Баня была готова. Оболяевъ и его гость усердно выпарились и помылись въ ней и оба оттуда вышли красные, въ чистомъ бѣльѣ и съ расчесанными головами и бородами. Умётчикъ далъ гостю, вмѣсто его грязной и замаранной кровью рубахи, свою чистую, изъ тонкой бязи. Они закусили щами, съ саломъ, въ ожиданіи назавтра козьей похлебки, и разошлись: умётчикъ — доить пришедшихъ съ поля коровъ, а гость — въ темный чуланъ, прилаженный въ углу скотскаго база.

Настала ночь. Въ банѣ еще свѣтилось. Тамъ мылись, пригнавшіе съ поля скотъ, бритые лбы. Но скоро и они, поужинавъ, напоили воловъ и коровъ и снова погнали ихъ на ночную пастьбу. Кругомъ опять стихло. Изрѣдка только раздавались ворчаніе и лай собакъ, лежавшихъ за воротами и чутко глядѣвшихъ на стемнѣлую дорогу.

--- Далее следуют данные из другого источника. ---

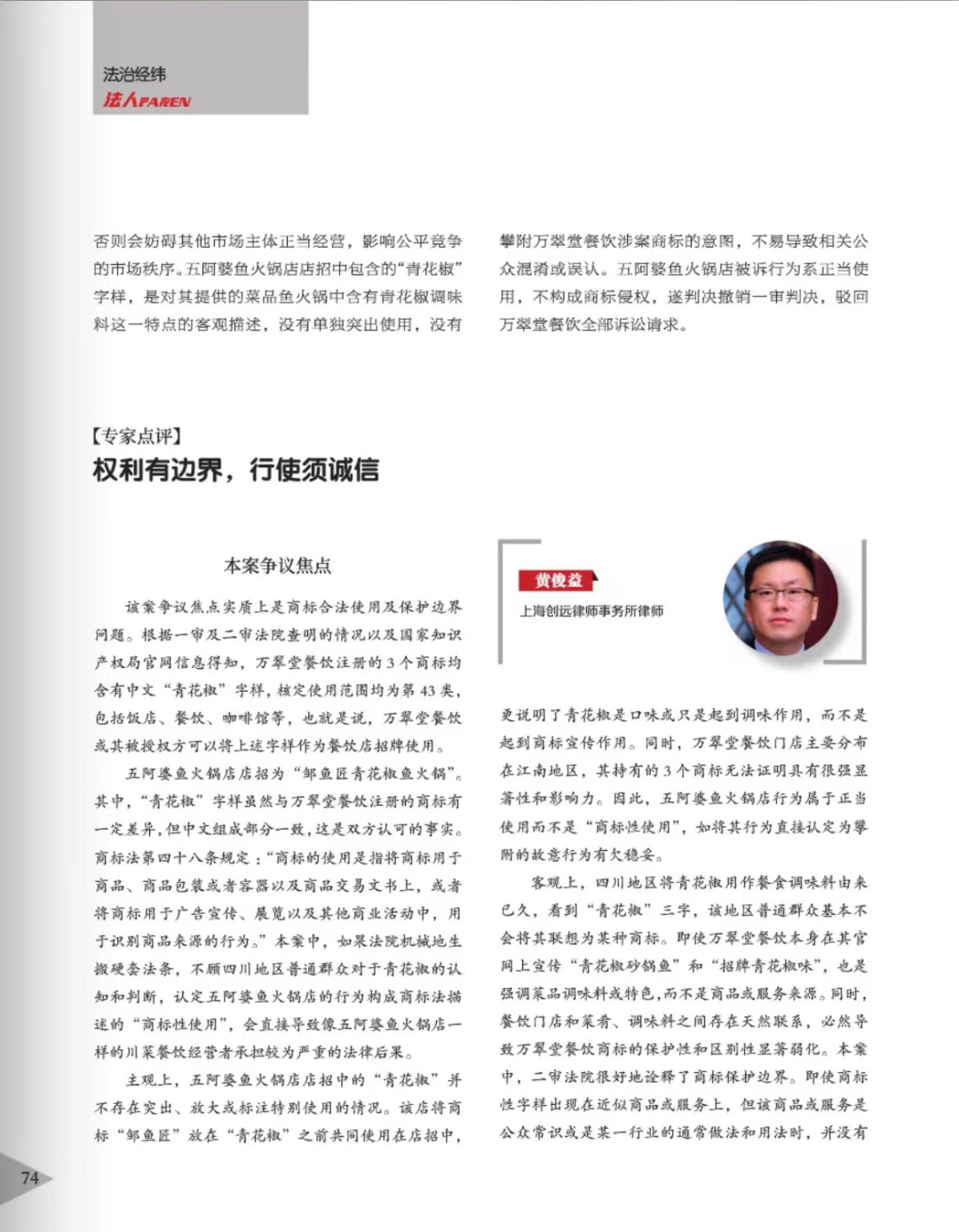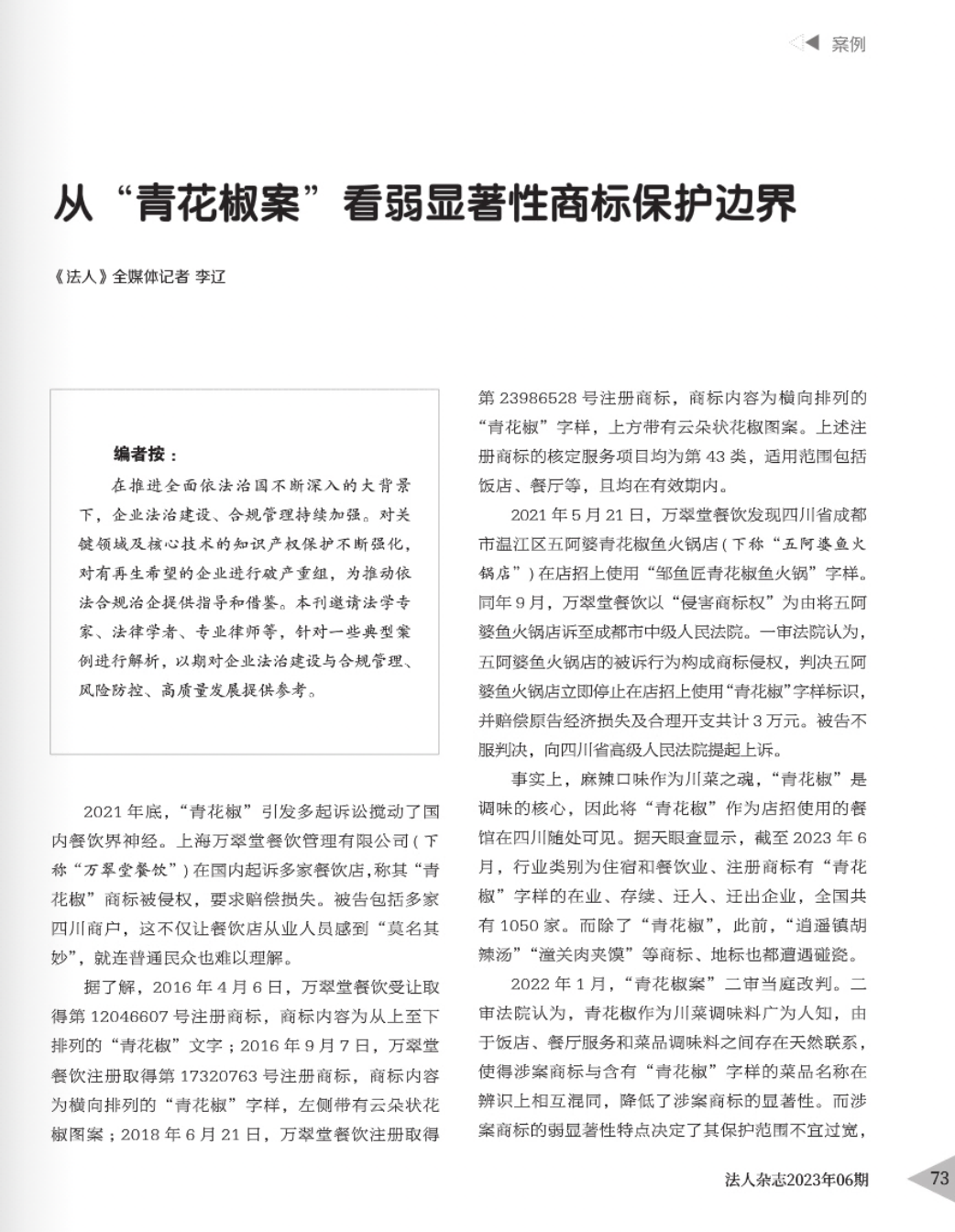 台州辉知简讯 | 辉知队黄俊益律师应“法治日报”旗下杂志邀请,就“青花椒”案发表专家点评

Умётчикъ возвратился въ избу и легъ на палатахъ. Но ему не спалось. Изъ головы не выходили слова гостя о пяти милліонахъ. Но болѣе этой суммы его занимало то, что онъ вдругъ разглядѣлъ на тѣлѣ гостя въ банѣ: бѣловатаго цвѣта шрамъ, подъ волосами, у лѣваго виска, и такого же вида, какъ бы вдавленные другъ въ друга, желобки или рубцы на плечѣ и на груди, ниже сосковъ.

«Что бы это за знаки? — размышлялъ Оболяевъ: — откуда они у него? отъ золотухи, или отъ иной болячки? или рубцы отъ китовыхъ плетей?.. Такъ нѣтъ, по его словамъ, онъ убѣжалъ отъ казни. Спросить, развѣ? — да не скажетъ. Важный шельма! хоть худой, такой корпусный, проворный, да строгій, а съ виду совсѣмъ простой человѣкъ! Пойти ли къ нему?»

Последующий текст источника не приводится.